Write out the line with "He then addressed" and every later line through the end of the data below, exactly as given, with no pictures in the copy.

Data for this exercise –
-=-=-
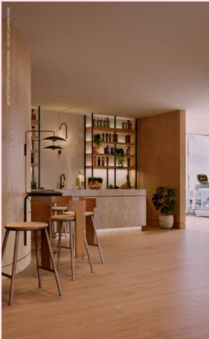
Bayshore Club Juice Bar
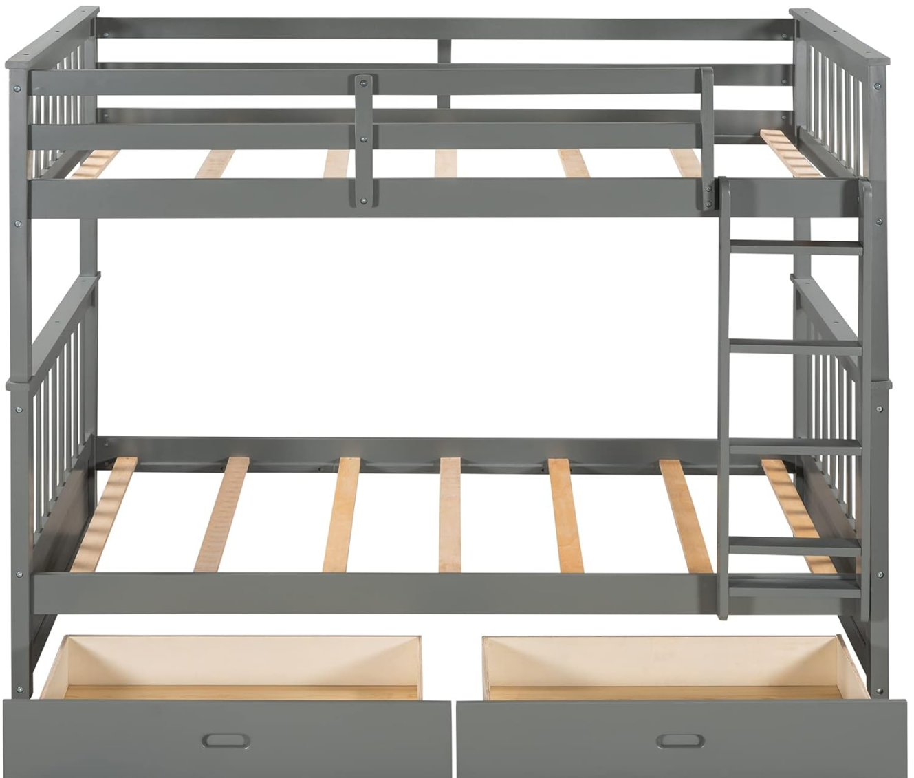
Figure 3: Front View with Storage Drawers
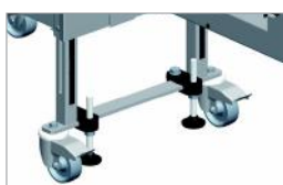
Fixable feet With adjustable feet the machine can be securely located
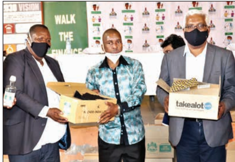
Mayor Thebolla and MEC Pillay presenting PPE donation

He then addressed the Council on how the Provincial Treasury works saying their responsibility is to ensure that government funds are used properly.
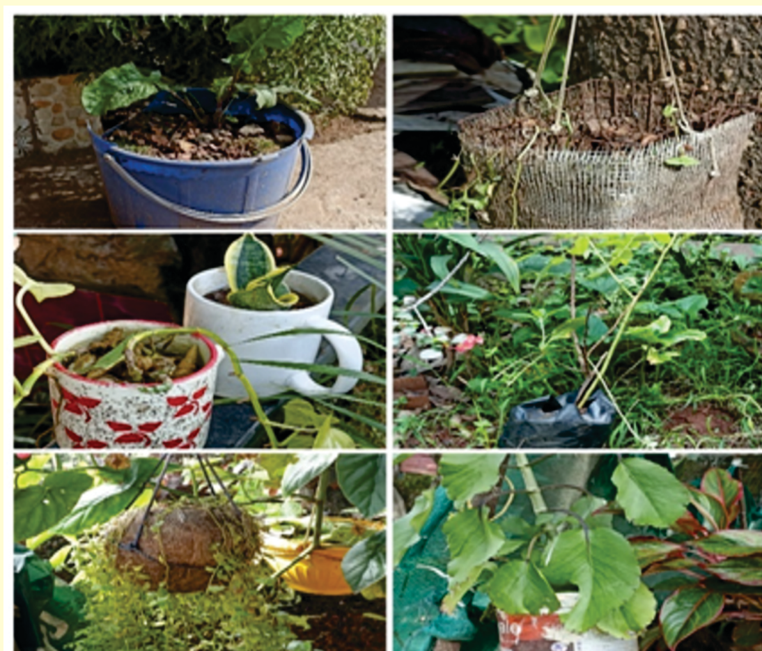
Garden of Sancia Gomes

Using discarded kitchen items such as broken handle mugs, broken pots, she has grown an impressive Teacup Garden. She also uses discarded tyres and coconut shells as planters, besides plastic containers and glass bottles.
-=-=-
Reply to the exercise –
He then addressed the Council on how the Provincial Treasury works saying their responsibility is to ensure that government funds are used properly.
Garden of Sancia Gomes

Using discarded kitchen items such as broken handle mugs, broken pots, she has grown an impressive Teacup Garden. She also uses discarded tyres and coconut shells as planters, besides plastic containers and glass bottles.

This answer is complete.